**EXERCISE**
Repeat the span of the entries below that starts at the line with "단단한 나무 도마 트레이" and ends at the line with "[시민일보 = 이대우", nothing more. Skip the pictures.

**DATA EXTRACTS**
:::::
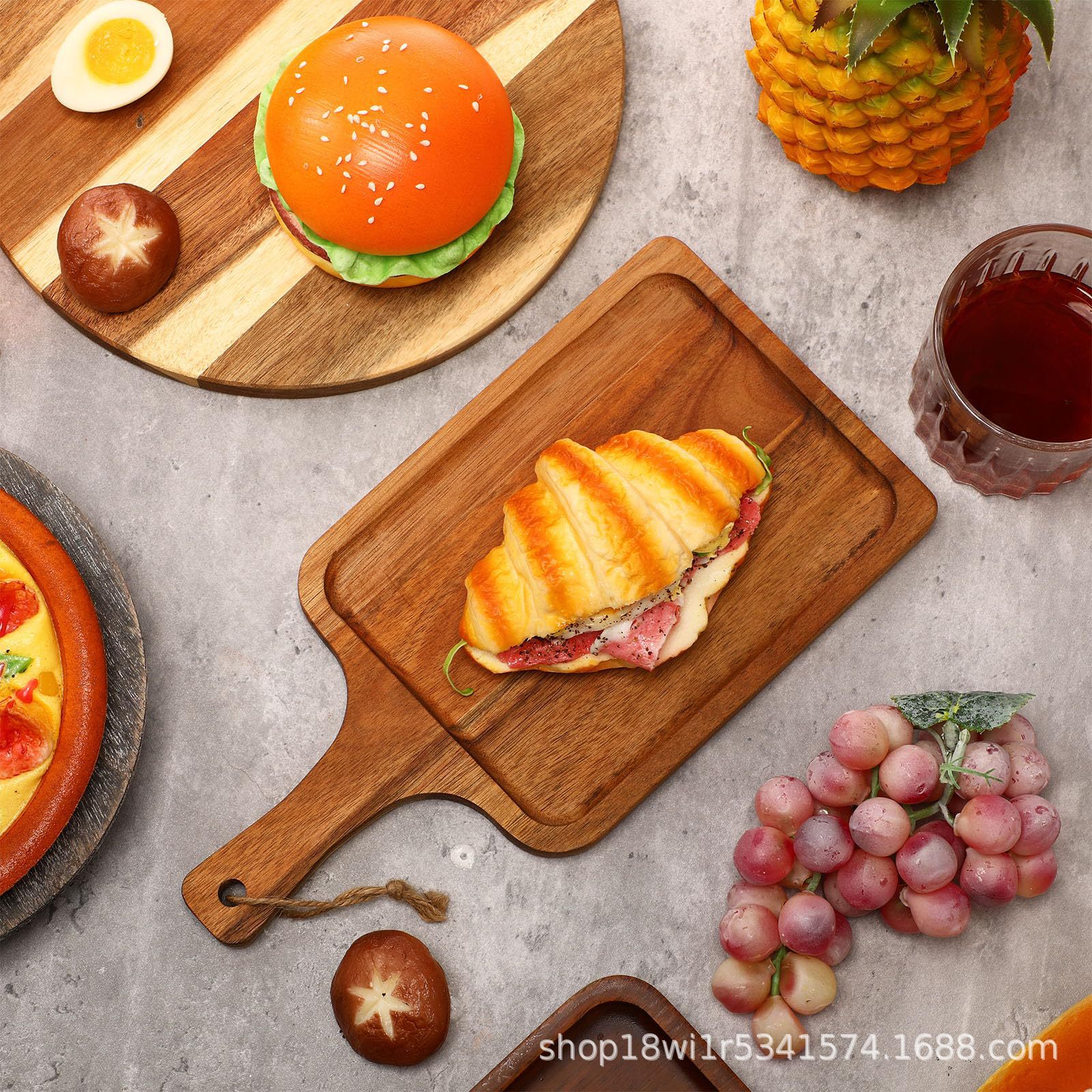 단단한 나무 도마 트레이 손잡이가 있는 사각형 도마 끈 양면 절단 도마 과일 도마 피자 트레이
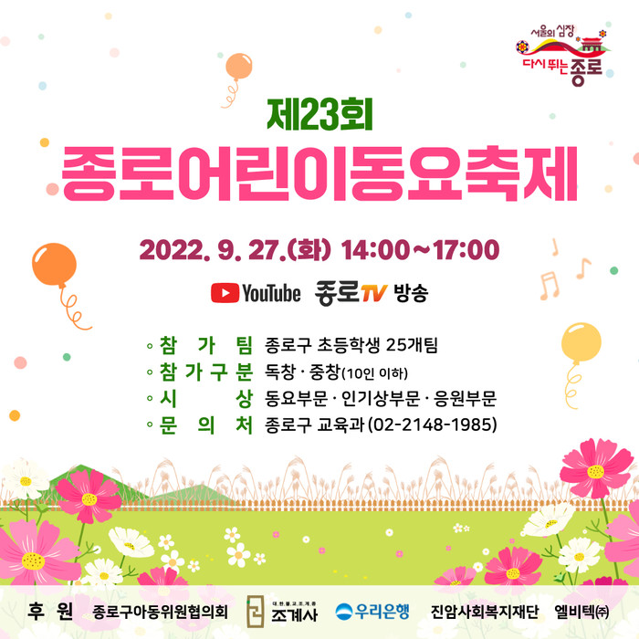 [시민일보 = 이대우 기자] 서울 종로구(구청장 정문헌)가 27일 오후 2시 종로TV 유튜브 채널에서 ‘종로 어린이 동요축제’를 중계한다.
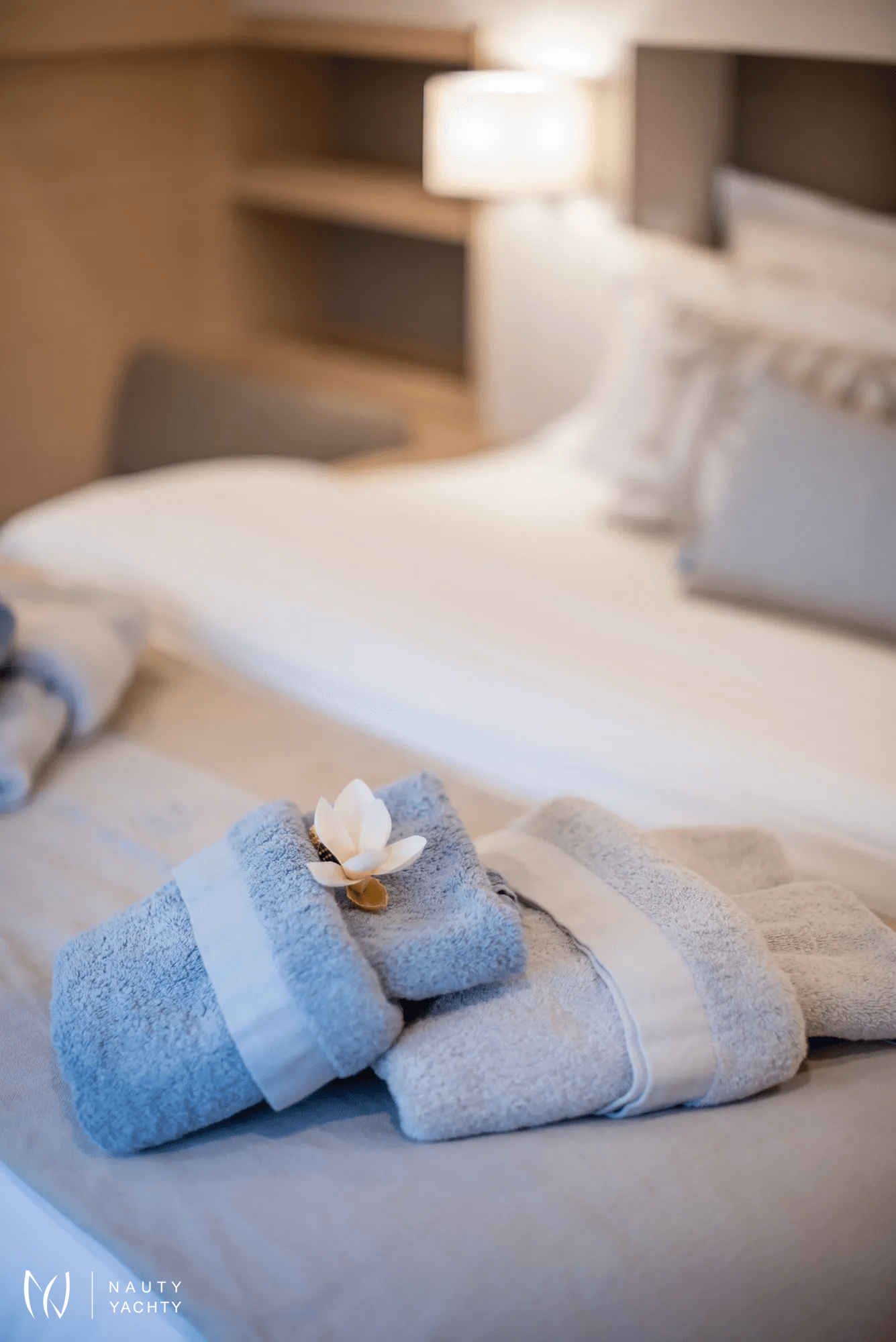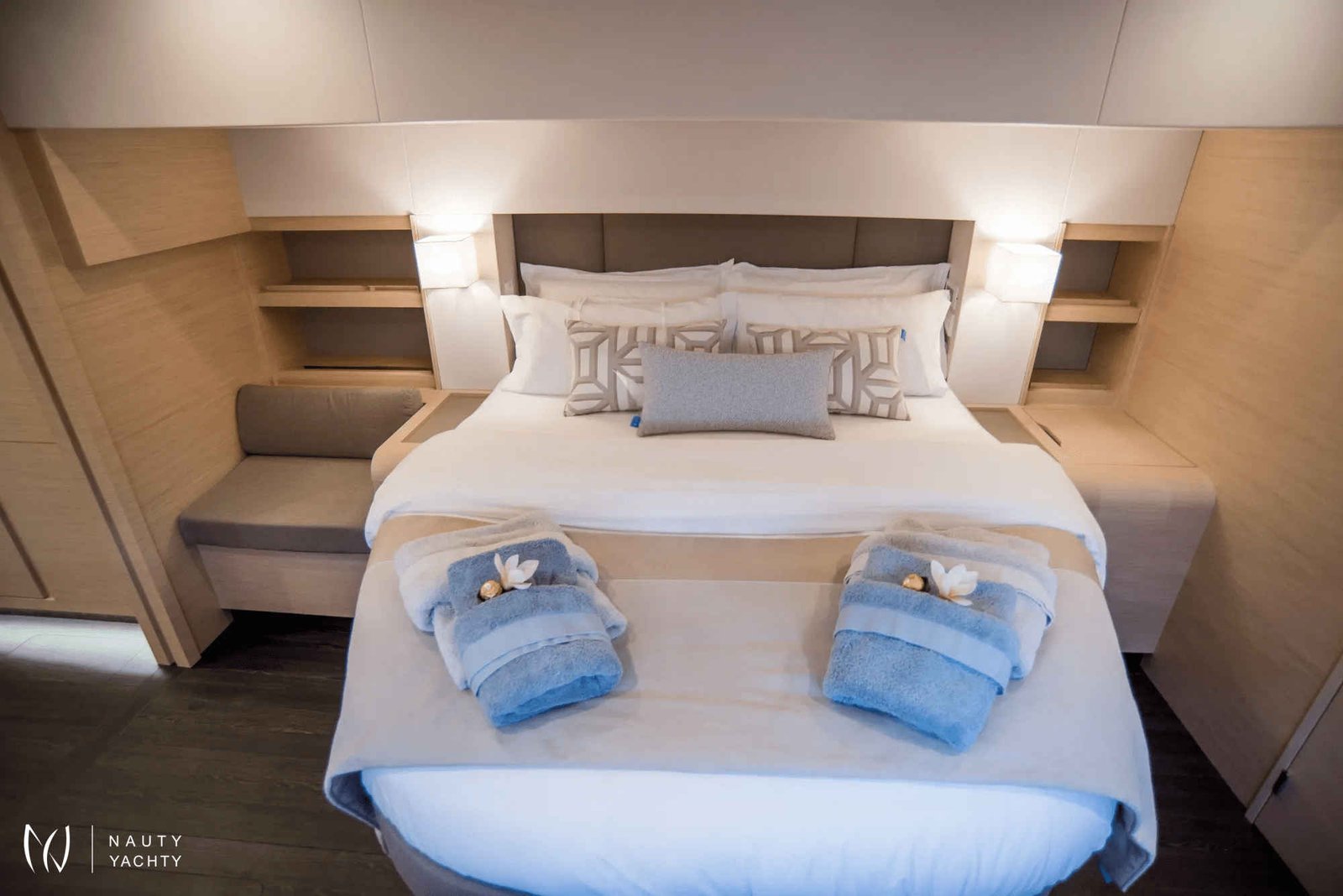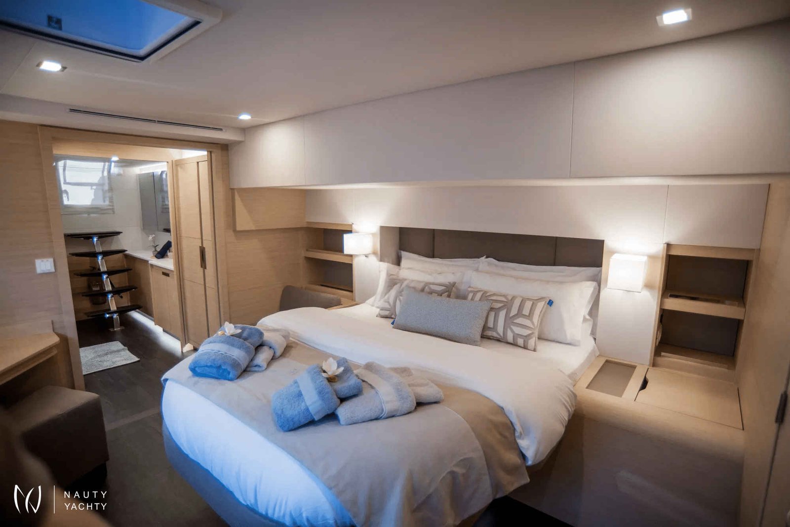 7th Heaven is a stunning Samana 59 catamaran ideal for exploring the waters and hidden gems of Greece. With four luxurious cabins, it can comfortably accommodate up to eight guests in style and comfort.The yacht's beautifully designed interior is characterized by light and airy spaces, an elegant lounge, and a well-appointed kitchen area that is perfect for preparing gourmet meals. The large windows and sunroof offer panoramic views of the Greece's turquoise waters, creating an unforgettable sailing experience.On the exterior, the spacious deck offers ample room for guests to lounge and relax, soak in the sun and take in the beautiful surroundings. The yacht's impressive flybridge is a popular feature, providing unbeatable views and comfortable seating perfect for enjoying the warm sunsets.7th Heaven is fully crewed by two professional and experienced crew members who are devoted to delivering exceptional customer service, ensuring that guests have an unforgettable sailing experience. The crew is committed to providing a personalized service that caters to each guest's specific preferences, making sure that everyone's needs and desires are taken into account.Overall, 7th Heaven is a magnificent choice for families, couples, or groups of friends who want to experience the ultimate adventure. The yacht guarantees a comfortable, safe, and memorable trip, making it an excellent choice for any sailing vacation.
:::::
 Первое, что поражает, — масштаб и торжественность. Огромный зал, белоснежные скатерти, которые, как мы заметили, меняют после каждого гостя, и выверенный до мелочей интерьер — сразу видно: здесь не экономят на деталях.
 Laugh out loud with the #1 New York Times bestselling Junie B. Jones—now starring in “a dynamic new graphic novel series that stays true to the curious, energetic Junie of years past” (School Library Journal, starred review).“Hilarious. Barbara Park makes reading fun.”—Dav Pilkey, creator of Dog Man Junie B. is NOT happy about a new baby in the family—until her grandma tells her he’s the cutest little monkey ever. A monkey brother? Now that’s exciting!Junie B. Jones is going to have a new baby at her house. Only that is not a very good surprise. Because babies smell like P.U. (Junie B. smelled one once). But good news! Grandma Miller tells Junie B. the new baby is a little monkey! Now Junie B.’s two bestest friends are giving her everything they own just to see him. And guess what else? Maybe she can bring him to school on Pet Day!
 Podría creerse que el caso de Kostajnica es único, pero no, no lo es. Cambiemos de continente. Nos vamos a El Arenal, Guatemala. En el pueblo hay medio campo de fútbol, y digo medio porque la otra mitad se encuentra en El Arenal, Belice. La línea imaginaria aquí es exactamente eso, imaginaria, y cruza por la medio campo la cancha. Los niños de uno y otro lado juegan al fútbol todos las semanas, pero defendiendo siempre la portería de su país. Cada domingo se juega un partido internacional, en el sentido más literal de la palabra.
:::::
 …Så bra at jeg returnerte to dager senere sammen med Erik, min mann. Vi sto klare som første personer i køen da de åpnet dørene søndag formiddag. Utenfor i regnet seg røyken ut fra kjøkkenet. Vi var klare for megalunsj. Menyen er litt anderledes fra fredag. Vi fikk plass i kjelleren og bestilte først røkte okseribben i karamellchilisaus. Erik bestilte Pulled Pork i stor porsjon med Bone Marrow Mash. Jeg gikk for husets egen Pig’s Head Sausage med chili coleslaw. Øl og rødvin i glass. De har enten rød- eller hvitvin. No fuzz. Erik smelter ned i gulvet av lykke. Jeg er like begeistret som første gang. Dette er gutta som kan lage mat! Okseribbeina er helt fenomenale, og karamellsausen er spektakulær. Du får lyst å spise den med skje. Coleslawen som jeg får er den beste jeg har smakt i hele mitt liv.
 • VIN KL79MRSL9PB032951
:::::
**OUTPUT BELOW**
 단단한 나무 도마 트레이 손잡이가 있는 사각형 도마 끈 양면 절단 도마 과일 도마 피자 트레이
 [시민일보 = 이대우 기자] 서울 종로구(구청장 정문헌)가 27일 오후 2시 종로TV 유튜브 채널에서 ‘종로 어린이 동요축제’를 중계한다.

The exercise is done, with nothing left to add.